Scenario-based Implementation and Feedback: China boasts the world's largest manufacturing and internet application scenarios. Red Bear AI has achieved a 98.4% self-service resolution rate in operator services, reducing costs by 40%; Meinian Onehealth has transformed nearly 600 physical examination centers nationwide into AI 'testing grounds.' This positive cycle of 'application-data-technology' constitutes China's unique industrial advantage: iterating technology while solving real-world problems.
Value Return: AI's Next Destination Is 'Industrial Efficiency'
Wall Street's retreat forces the entire industry to reconsider the ultimate value of AI. The answer is becoming clearer: AI's value lies not in how 'cool' the technology itself is but in whether it can restructure business processes and enhance industrial efficiency.
1. B2B Process Reengineering Becomes the Core Track
AI's true potential lies in 'process innovation' rather than 'function enhancement.'
International cases: Spellbook has increased the efficiency of legal contract drafting by dozens of times; Vic.ai has freed accountants from tedious record-keeping tasks, allowing them to focus on higher-value planning and analysis.
Domestic practices: Red Bear AI, through 'multimodal large models + memory science,' has closed the loop of enterprise customer service, training, and knowledge management, proving that 'AI-driven business processes' are the key to commercialization.
Morgan Stanley predicts that global data center construction will require $1.5 trillion in funding by 2028, reflecting the rigid demand for computing power infrastructure driven by AI value realization.
2. Deepening of Computing Power Localization
Facing blockades, China's computing power industry chain continues to make breakthroughs in chip design, packaging, and system integration.
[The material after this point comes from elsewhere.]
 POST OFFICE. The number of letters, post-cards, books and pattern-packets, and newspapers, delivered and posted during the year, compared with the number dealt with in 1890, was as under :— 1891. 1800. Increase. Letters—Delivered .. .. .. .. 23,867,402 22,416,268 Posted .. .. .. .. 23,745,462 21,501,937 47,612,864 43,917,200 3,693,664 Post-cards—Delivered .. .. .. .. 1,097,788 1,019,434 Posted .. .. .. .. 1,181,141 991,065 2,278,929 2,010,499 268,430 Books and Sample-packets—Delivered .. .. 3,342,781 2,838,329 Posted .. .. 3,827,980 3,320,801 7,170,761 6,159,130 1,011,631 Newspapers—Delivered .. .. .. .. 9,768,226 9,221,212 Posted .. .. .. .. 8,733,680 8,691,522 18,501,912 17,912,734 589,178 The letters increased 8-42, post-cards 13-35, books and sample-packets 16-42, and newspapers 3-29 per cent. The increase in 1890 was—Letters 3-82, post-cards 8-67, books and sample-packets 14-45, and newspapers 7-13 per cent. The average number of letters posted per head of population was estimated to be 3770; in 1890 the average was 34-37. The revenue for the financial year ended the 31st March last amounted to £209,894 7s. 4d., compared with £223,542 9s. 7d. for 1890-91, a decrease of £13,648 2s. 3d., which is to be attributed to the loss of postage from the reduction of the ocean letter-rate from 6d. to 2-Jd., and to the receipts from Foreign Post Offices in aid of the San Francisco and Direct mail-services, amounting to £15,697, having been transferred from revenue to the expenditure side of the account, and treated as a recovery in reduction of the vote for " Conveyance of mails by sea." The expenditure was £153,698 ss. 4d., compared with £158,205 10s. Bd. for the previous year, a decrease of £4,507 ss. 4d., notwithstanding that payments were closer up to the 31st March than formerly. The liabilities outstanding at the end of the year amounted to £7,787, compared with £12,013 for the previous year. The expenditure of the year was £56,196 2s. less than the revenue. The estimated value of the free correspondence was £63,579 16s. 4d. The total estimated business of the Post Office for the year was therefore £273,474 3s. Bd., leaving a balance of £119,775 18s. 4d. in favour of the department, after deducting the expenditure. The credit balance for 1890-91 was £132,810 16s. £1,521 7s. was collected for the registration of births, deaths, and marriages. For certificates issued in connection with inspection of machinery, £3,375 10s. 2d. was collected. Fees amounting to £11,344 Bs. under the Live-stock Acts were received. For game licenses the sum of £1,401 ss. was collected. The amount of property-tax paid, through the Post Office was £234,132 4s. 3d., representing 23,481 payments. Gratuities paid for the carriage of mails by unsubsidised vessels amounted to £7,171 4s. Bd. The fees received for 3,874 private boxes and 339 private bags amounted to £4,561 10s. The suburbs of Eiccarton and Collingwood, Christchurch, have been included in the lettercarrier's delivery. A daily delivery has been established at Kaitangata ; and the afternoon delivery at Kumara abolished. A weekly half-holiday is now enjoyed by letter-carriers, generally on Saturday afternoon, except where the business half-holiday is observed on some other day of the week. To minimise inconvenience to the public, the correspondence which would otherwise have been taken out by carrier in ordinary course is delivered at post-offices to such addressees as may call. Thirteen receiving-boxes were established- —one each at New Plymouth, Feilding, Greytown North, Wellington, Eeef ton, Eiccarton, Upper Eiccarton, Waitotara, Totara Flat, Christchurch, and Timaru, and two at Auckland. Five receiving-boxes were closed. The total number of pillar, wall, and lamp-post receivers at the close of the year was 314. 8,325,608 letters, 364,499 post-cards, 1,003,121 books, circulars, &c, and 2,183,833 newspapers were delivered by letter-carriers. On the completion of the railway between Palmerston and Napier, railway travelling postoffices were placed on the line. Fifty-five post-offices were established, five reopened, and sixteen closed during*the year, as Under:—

Chengdu Micro's RF direct-sampling ADC chip, Yicheng Technology's mass production of board-level high-density products, and Huawei's Ascend supply chain localization rate exceeding 85% all indicate that the domestic computing power ecosystem is advancing from 'usable' to 'user-friendly,' laying a solid foundation for the autonomous control of core technologies.
3. Rebalancing Governance and Innovation
The consensus at the Davos Forum is that AI governance requires 'less intervention during the innovation germination stage (embryonic stage) and stronger regulation during the diffusion phase.' China's practices are seeking a balance, such as the 'Implementation Opinions on the Application and Development of 'AI + Healthcare'' setting clear development goals while defining compliance bottom lines for data security and clinical validation. Industry-initiated safety standards and mechanisms like 'data trust alliances' are exploring a sustainable path of 'balancing development and security.'
When the Tide Recedes, True Worth Emerges
Short-term market value fluctuations cannot obscure the revolutionary nature of AI as a general-purpose technology (GPT). Wall Street's 'cooling down' is not a denial of AI but a correction of irrational speculation.
This calm period triggered by capital retreat marks AI's transition from adolescence to maturity. When capital no longer pays for 'concepts,' true technological innovation and value creation can finally surface.
For participants in China, the United States, and even globally, the ultimate winners will be those who can truly bend down and transform AI into the 'electricity' for thousands of industries. Wall Street's hesitation at this moment may well be the best opportunity for long-termists.